How will remuneration committees respond to the current economic and political uncertainty?

If the past is any guide, they'll carry on regardless and pay up.

In past epochs when the economy has trended downwards, as it is currently doing, rem committees have indulged in various wheezes to keep their CEOs in the style to which they have become accustomed.

Share options have been re-priced, bonus criteria tweaked to ensure they get paid. Rises to basic pay often look modest, but the devil is typically in the detail. You can hand an executive a substantial increase by boosting what has become known as the “maximum bonus opportunity”, which you can do by increasing the percentage of their basic that they can make through that bonus.

Executives basically enjoy a one way bet. They win in the good times, they win in the bad times, they win regardless of how their businesses perform in either.

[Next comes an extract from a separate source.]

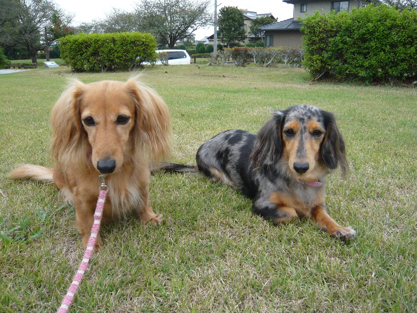 で、ちょこさんとヴァ二さんはお友達ダックスちゃんたちと遊びましたよ~

Such behaviour has, in the past, resulted in criticism from commentators in the media, from unions, even from some politicians. But the people who count, the big institutional shareholders, they have largely shrugged and waved ever more bloated packages through in all but a few cases.

That really needs to change.

One of the factors behind the divisions that have opened up in British society is the difference between the way bosses of public companies (who are usually professional managers rather than entrepreneurs by the way) are treated and the treatment they mete out to their staff.

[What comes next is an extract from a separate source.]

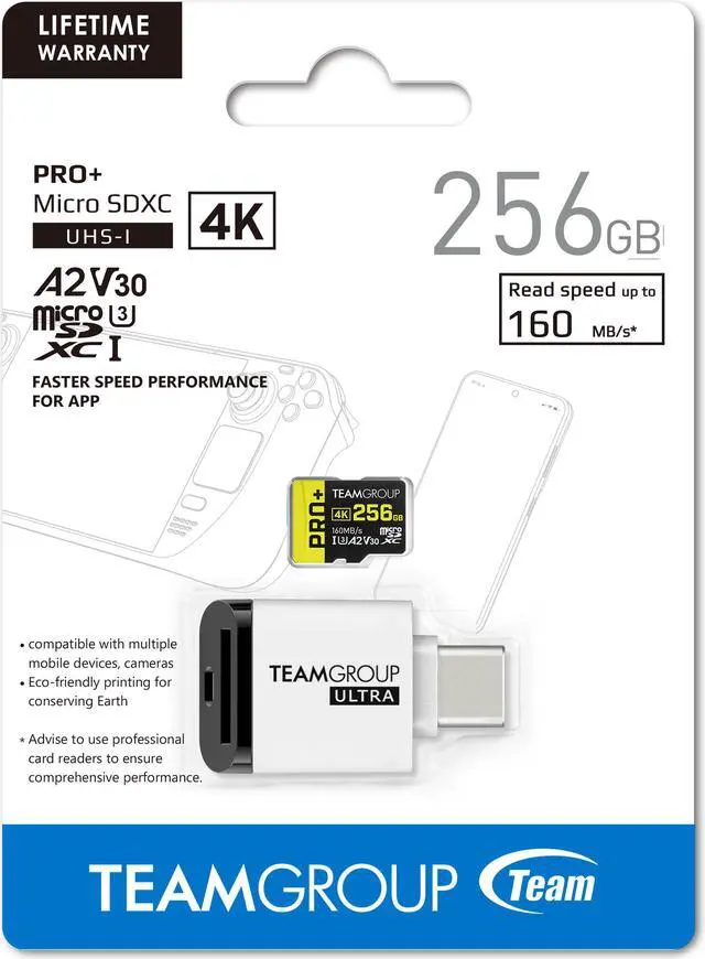 | Features | **Ultra CR I Card reader** File Transmission at 180 MB/s Allows for High-Speed Transmission Without Waiting Miniature Size for Easy Portability USB Type-C Interface Is Compatible with Various Devices Eco-friendly Recyclable Packaging for Earth Conversation Rigorous Testing and Verification Delivers Trustworthy Quality **Pro+A2 microSD card** Designed for 4K high-resolution videos, images from continuous shooting Eco-friendly printing for conserving Earth Well performed under extreme conditions Durable design for comprehensive protection |

This has become a cause of deep and lingering resentment, and one of the things that may serve to prevent business leaders from being heard at a time when they really need to be heard (see my earlier piece on Brexit for details).

The trouble is, there is scant evidence that the people who sit on pay setting remuneration committees get it. They largely live in a boardroom bubble, one that sees them making six figures for only a couple of days work a month, benefiting almost as much from a corrupt system as the executives they hand millions to.

On those rare occasions when big City shareholders make a fuss, which they only tend to do in response to extreme circumstances, RemCos are apt to behave defensively.

A case in point? Earlier this year Imperial Brands (formerly Imperial Tobacco) backed away from increasing boss Alison Cooper’s pay out from £5.5m to a potential £8.5m in the face of a rare shareholder revolt.

While the resolution that would have pushed that through was withdrawn from consideration, chairman Mark Williamson said this: “The board continues to believe that revising the policy is necessary for retaining and attracting the right calibre of talent to ensure the continued sustainable growth of the business.”

David Haines, the chair of the remuneration committee, meanwhile said that pay rises were necessary for top bosses because they made “significantly below the average for companies of our size”.

In other words, they just didn't get it.

Trouble is, the sort of mentality displayed in those statements is commonplace across British business. It shows exactly why the make up of RemCos badly needs reforming, to give them more external input. Unfortunately, one Theresa May, who initially suggested that she might do just that, backed away when the going got tough.

However, as much as RemCos are problematic, we shouldn’t forget that it is the City’s institutional shareholders that vote to approve their members, and have contributed just as much to the situation by making a fuss only at such times as boardroom excess gets really extreme, such as at Imps.

If the latter has any sense now, it might now turn to quietly increasing the pay packages handed to Ms Cooper and her colleagues by degrees, so that they end up at the same place, just over a longer period of time. If its RemCo does that, the chances are that it will get away with it.

When more modest rises are pushed through, normal service from City institutions is typically resumed, which explains why dissent has been so rare during the current AGM season. RemCos have got cute. They've learned to play the game.

Trouble is, all this contributes to the stripping from business of any and all moral authority. It makes people reluctant to listen even when its leaders say things that they need to hear (such as on Brexit).

As much as business needs to stand up and make the case for sanity on the latter, it also needs to get its own house in order.